E’ una sottile differenza. L’induismo mira alla comprensione di Brahman, l’Assoluto, dall’interno dell’Atman, che più o meno significa “sé” o “anima”. Ogni essere umano scopre in divino in sé, dalla sua interiorità più profonda. Il Buddismo mira a trovare l’Anatman – “non anima” o “non sé”.

Nell’induismo, raggiungere la meta più alta è un processo per rimuovere le illusioni e le distrazioni, che consente di comprendere infine la natura di Brahman vivendola nella propria interiorità. Nel Buddhismo, si segue una vita etica e si purifica la mente per raggiungere l’illuminazione e comprendere che nulla in sé è “me”, tale da dissipare l’illusione stessa dell’esistenza. In tal modo, si realizza il Nirvana.

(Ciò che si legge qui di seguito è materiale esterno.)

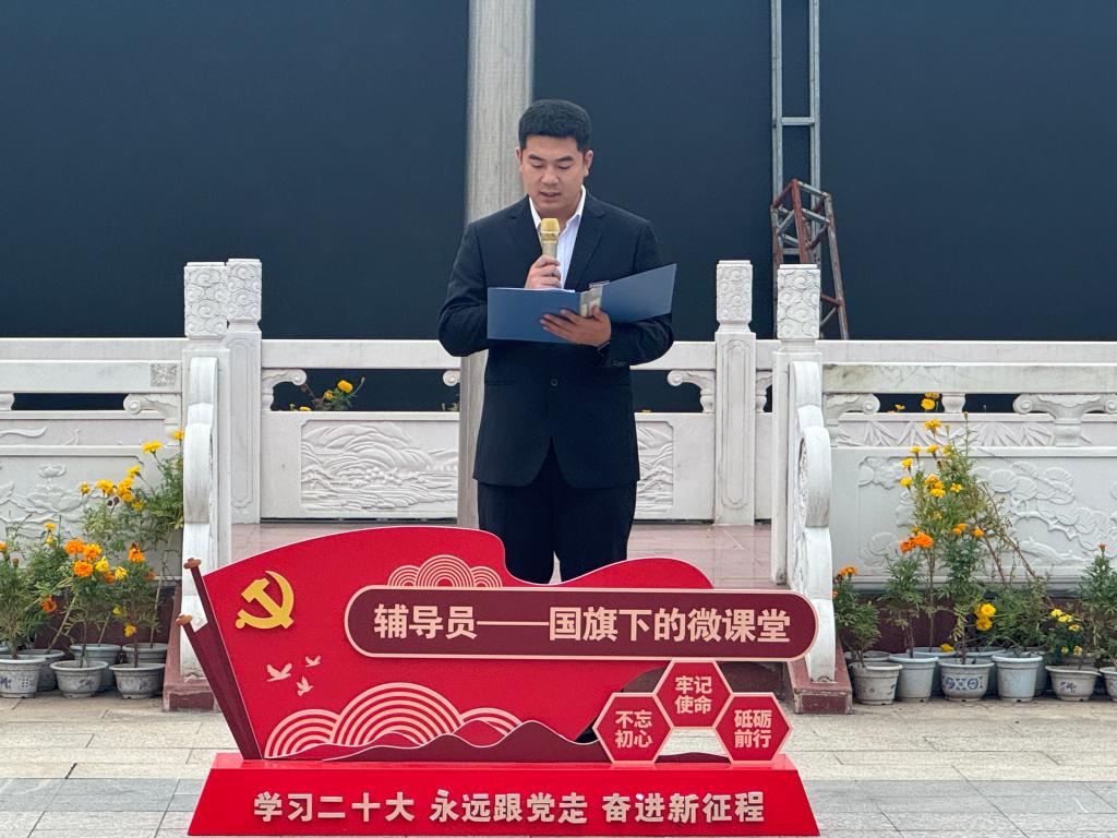 10月8日,“辅导员说成长”——辅导员讲微课“重启学习之旅:携手并进,共创辉煌”国旗下的微课堂爱国主义教育系列活动在学校中心广场举行,党委学生工作部老师、语言文化传播学院师生代表参加活动。升国旗仪式结束...

La comprensione della Verità

Per l’induismo la méta più grande è la comprensione della verità, cioè di Brahman. Per arrivare a questo è necessario rimuovere le illusioni e le distrazioni corporee, consentendo al proprio Atman (Sé o Anima) di comprendere “per identificazione” e non mentalmente la natura di Brahman.

L’Isha Upanishad offre un insight sull’illuminazione. Un ricercatore spirituale realizza livelli di sintesi sempre più alti, fino a quando non si risolve una dualità definitiva: l’identità del Sé Intimo (Ātman) nel Sé Supremo (Brahman).

Le quattro vie verso la liberazione

Yoga è l’unione del sé individuale col Sé assoluto.Questa ricerca di unione può seguire più strade che portano all’emancipazione finale, moksa o mukti, a seconda delle facoltà e dei temperamenti di ciascun individuo.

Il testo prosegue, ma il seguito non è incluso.